Hypervisor for multi-tenant computing, like it should be

  • Not interested in using it, but the licensing here is going to be the real killer blow here. Word to the wise: the market of people who want to use your tool and pay for it is smaller than you think. It's the same mindset that kills most of these projects, thinking that the "average users" are going to represent a considerable portion of your income. It won't. Focus on milking enterprise users who want to pay hand over fist for stuff like this, but don't keep it closed source and slap your "patent pending" line on top. You're selling zero-marginal-utility here, and it's not super hard to see.

  • The site seems light on details. As a security guy, I'm particularly interested in (and a skeptic of) claims of "de-privileging" a Linux kernel. Firecracker[1] micro VMs are very fast, "feel" like containers, and don't depend on modifying the guest OS for security. Plus they're FOSS. This is what I'd measure Kwarantine against; you need to be in the ballpark on all these characteristics and knock it out of the park on manageability to interest me.

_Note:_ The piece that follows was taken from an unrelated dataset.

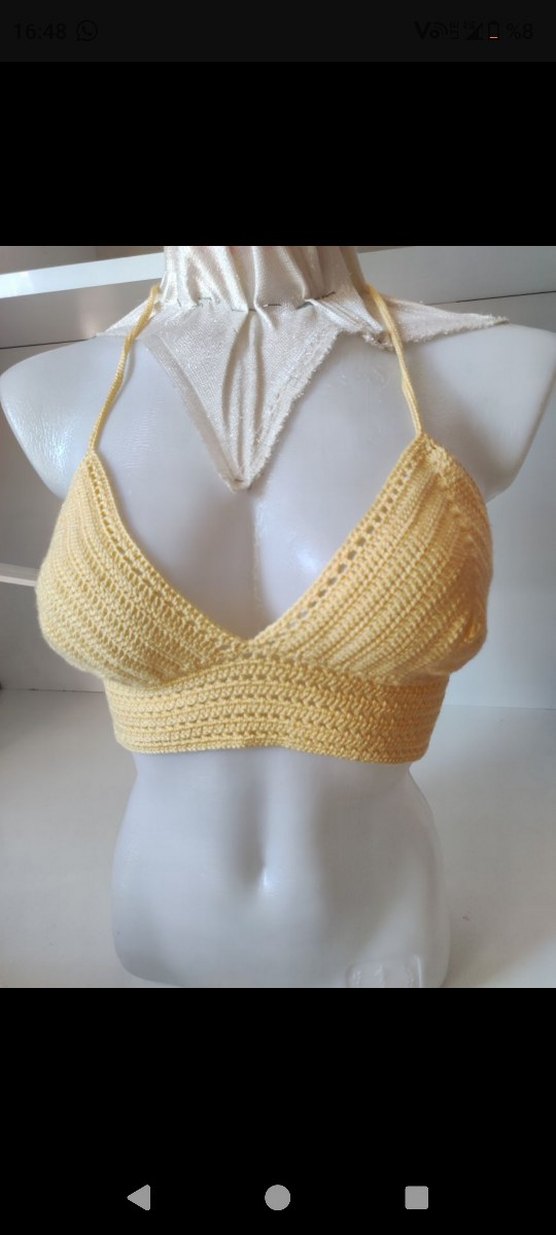 V yaka ve ince askılı, sarı renkli örgü bohem tarzda, günlük kullanıma uygun oturmalı büstiyer.
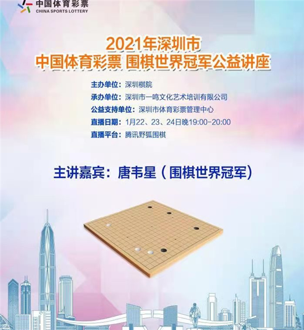 见圳客户端•深圳新闻网讯(记者周锦春)2021年1月22、23、24日连续三天晚上,由深圳棋院主办,深圳市一鸣文化艺术培训有限公司承办,深圳市体育彩票管理中心支持的“2021年深圳市中国体育彩票围棋世界冠军公益讲座”在腾讯野狐围棋平台线上举行。

    [1] https://github.com/firecracker-microvm/firecracker

  • >Patent pending.

    I don't think there's much of a market for a new closed-source, patent-encumbered hypervisor for Linux...

    And, perhaps obviously, I personally would never use such a thing.

  • I think people would take this more seriously and engage with it more deeply if you posted the technology white paper, rather than asking for people to sign up for it. There are I'm sure details I'm missing, but Firecracker startup (for instance) is very fast; so, for that matter, is vanilla gvisor.

  • Hello HN! We've been working on a new hypervisor https://kwarantine.xyz that can run strongly isolated containers. This is still a WIP, but we wanted to give the community an idea about our approach, its benefits, and various use cases it unlocks. Today, VMs are used to host containers, and make up for the lack of strong security as well as kernel isolation in containers. This work adds this missing security piece in containers. We plan on launching a free private beta soon. Meanwhile, we'd deeply appreciate any feedback, and happy to answer any questions here or on our slack channel. Thanks!

  • I can see this being useful for something I'm doing with shared infrastructure. What are your timelines like for a stable version?

  • There was a question (now deleted) on difference between this and Firecracker. FC/gVisor/Kata use VMs to sandbox containers. However, VMs incur high runtime overhead (not to be confused with fast booting) and need to be provisioned. We use hardware virtualization to directly run system/app containers -- no I/O emulation, no expensive VM exits, scale as needed.